WORK TO BE COMPLETED:
Taking the line with "Band of Brothers was" as the first and the line with "Фотообои Маленький водопад" as the last, set down exactly every line in that range from the entries below, and no more.

GIVEN RECORDS:
╭──

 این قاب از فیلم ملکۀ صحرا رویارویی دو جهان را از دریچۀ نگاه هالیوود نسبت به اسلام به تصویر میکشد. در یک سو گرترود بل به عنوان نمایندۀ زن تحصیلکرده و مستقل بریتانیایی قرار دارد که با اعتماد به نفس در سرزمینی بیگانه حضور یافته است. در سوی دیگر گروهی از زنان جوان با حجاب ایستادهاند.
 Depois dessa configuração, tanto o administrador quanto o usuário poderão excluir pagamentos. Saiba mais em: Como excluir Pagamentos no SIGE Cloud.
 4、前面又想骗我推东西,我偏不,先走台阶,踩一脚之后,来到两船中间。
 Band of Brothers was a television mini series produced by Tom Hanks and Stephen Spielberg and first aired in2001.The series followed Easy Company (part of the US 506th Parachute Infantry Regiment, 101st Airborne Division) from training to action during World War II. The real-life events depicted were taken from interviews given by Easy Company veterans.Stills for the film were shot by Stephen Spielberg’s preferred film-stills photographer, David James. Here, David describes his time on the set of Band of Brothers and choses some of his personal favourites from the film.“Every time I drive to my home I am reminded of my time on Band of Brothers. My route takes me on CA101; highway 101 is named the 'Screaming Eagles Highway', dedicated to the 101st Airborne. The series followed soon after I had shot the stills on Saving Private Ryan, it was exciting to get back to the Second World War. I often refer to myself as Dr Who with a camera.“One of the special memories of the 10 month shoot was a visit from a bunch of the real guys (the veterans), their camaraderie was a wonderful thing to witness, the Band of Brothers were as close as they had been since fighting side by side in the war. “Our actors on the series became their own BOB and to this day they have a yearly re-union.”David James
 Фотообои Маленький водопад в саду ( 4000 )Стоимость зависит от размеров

╰──
╭──

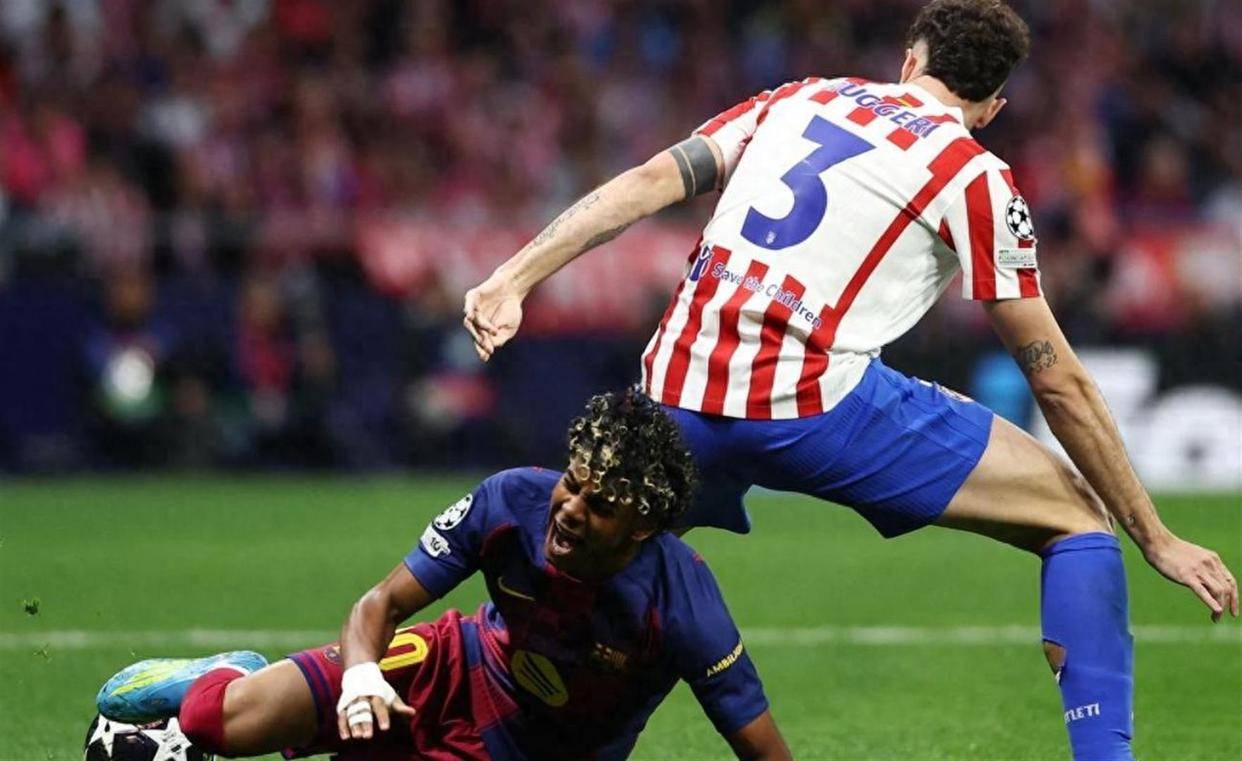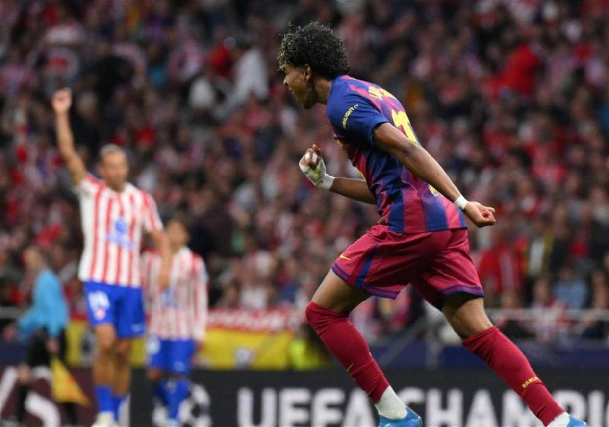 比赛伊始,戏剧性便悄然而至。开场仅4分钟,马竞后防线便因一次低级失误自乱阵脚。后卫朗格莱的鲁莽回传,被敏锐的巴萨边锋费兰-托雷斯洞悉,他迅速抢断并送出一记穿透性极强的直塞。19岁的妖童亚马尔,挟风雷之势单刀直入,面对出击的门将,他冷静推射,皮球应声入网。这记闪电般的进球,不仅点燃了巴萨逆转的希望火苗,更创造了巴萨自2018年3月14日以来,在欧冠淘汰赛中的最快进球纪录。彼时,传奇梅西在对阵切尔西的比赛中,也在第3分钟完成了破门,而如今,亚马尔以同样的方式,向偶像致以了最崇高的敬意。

╰──

RESULT OF THE TASK:
 Band of Brothers was a television mini series produced by Tom Hanks and Stephen Spielberg and first aired in2001.The series followed Easy Company (part of the US 506th Parachute Infantry Regiment, 101st Airborne Division) from training to action during World War II. The real-life events depicted were taken from interviews given by Easy Company veterans.Stills for the film were shot by Stephen Spielberg’s preferred film-stills photographer, David James. Here, David describes his time on the set of Band of Brothers and choses some of his personal favourites from the film.“Every time I drive to my home I am reminded of my time on Band of Brothers. My route takes me on CA101; highway 101 is named the 'Screaming Eagles Highway', dedicated to the 101st Airborne. The series followed soon after I had shot the stills on Saving Private Ryan, it was exciting to get back to the Second World War. I often refer to myself as Dr Who with a camera.“One of the special memories of the 10 month shoot was a visit from a bunch of the real guys (the veterans), their camaraderie was a wonderful thing to witness, the Band of Brothers were as close as they had been since fighting side by side in the war. “Our actors on the series became their own BOB and to this day they have a yearly re-union.”David James
 Фотообои Маленький водопад в саду ( 4000 )Стоимость зависит от размеров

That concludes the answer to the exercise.